EXERCISE OBJECTIVE ->
Make an exact copy of the listing underneath, skipping each picture.

DATASET EXTRACT ->
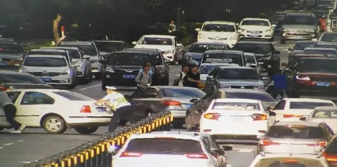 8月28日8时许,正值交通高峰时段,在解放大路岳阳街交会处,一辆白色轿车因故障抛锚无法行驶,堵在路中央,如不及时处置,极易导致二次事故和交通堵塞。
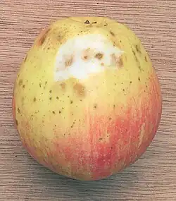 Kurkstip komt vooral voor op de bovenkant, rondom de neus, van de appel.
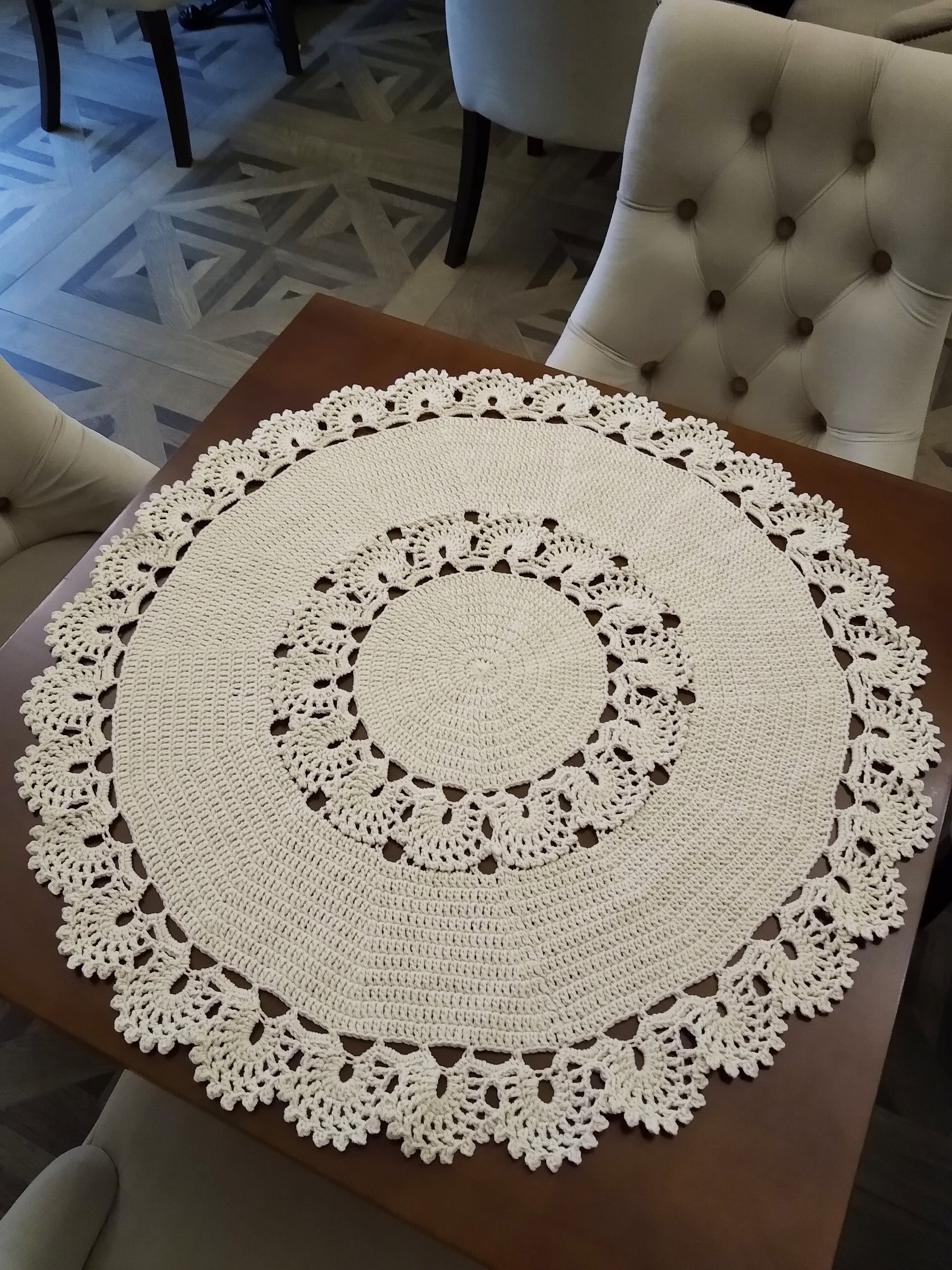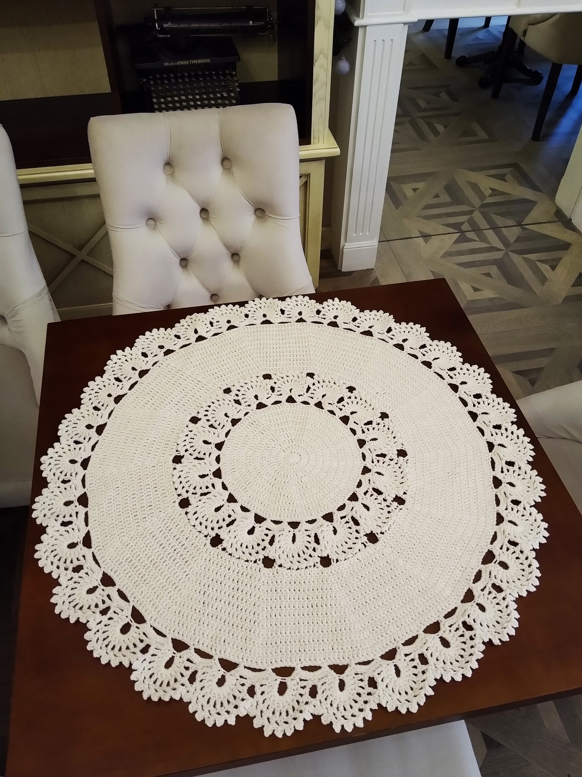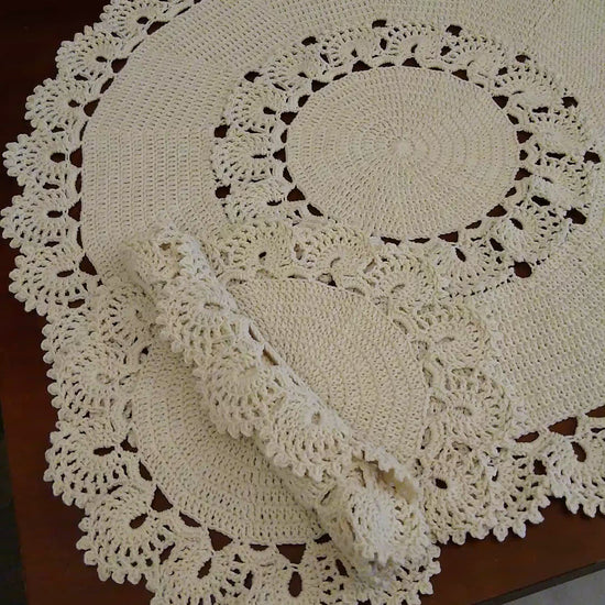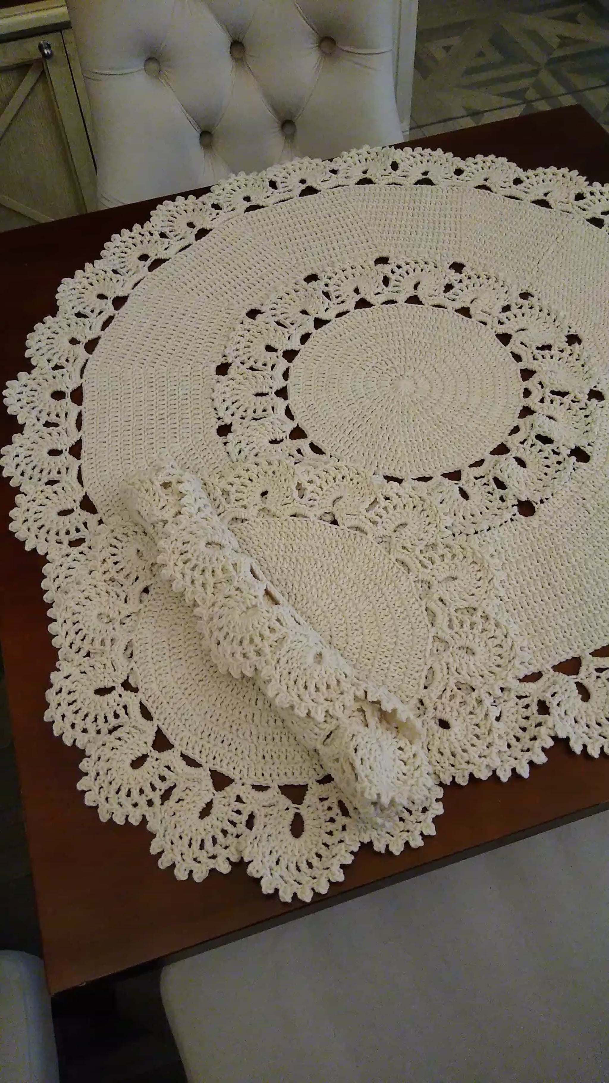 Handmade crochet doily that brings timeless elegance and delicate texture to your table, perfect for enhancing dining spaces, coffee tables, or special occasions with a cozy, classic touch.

SOLVED EXERCISE ->
 8月28日8时许,正值交通高峰时段,在解放大路岳阳街交会处,一辆白色轿车因故障抛锚无法行驶,堵在路中央,如不及时处置,极易导致二次事故和交通堵塞。
 Kurkstip komt vooral voor op de bovenkant, rondom de neus, van de appel.
 Handmade crochet doily that brings timeless elegance and delicate texture to your table, perfect for enhancing dining spaces, coffee tables, or special occasions with a cozy, classic touch.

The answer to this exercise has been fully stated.